__What to work on__
Repeat the listing word for word. No pictures belong in the copy.

__Data__
------------------------------------------------

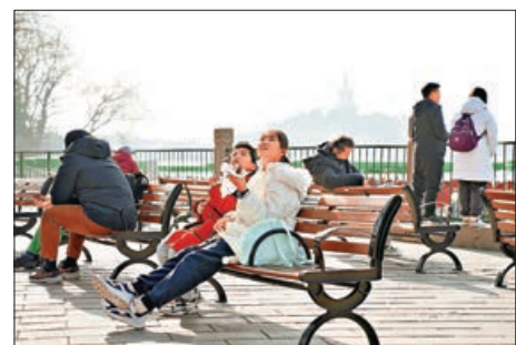
民眾外出享受冬日暖陽。

近期以來，新冠病毒變異株JN.1引發各界關注。王大燕表示，近期，多渠道監測系統數據顯示，元旦假期後，內地新冠疫情仍處於較低水平，其中哨點醫院新冠病毒檢測陽性率保持在1%以下，JN.1變異株佔比呈現上升趨勢。專家研判認為，今冬明春內地將繼續呈現多種呼吸道病原交替或者共同流行態勢，短期內仍將以流感病毒為主。受JN.1變異株持續輸入、國內流感活動逐漸降低和人群免疫水平下降等多因素影響，新冠病毒感染疫情可能在本月出現回升，JN.1變異株大概率將發展成為優勢流行株。
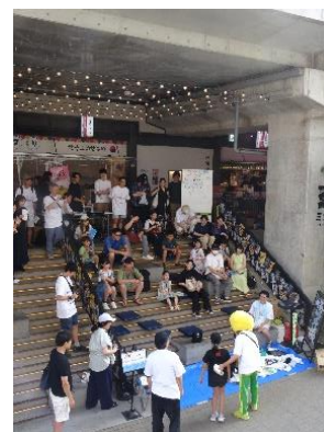
《古着ンピック2025 実施の様子》
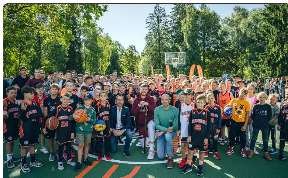
Septembra sākumā Siguldā, Raiņa parkā, tika atklāts mūsdienīgs basketbola laukums, kas tapis, pateicoties Latvijas izlases basketbolista Dāvja Bertāna dāvinājumam. Basketbola laukuma atjaunošana ir pirmais solis no vērienīgā Raiņa parka atdzimšanas plāna, ko īstēnos tuvāko gadu laikā. Nākamais solis būs velotrases ( pump track ) un skeitparka būvniecības pabeigšana.

------------------------------------------------

__Response area__
民眾外出享受冬日暖陽。

近期以來，新冠病毒變異株JN.1引發各界關注。王大燕表示，近期，多渠道監測系統數據顯示，元旦假期後，內地新冠疫情仍處於較低水平，其中哨點醫院新冠病毒檢測陽性率保持在1%以下，JN.1變異株佔比呈現上升趨勢。專家研判認為，今冬明春內地將繼續呈現多種呼吸道病原交替或者共同流行態勢，短期內仍將以流感病毒為主。受JN.1變異株持續輸入、國內流感活動逐漸降低和人群免疫水平下降等多因素影響，新冠病毒感染疫情可能在本月出現回升，JN.1變異株大概率將發展成為優勢流行株。
《古着ンピック2025 実施の様子》
Septembra sākumā Siguldā, Raiņa parkā, tika atklāts mūsdienīgs basketbola laukums, kas tapis, pateicoties Latvijas izlases basketbolista Dāvja Bertāna dāvinājumam. Basketbola laukuma atjaunošana ir pirmais solis no vērienīgā Raiņa parka atdzimšanas plāna, ko īstēnos tuvāko gadu laikā. Nākamais solis būs velotrases ( pump track ) un skeitparka būvniecības pabeigšana.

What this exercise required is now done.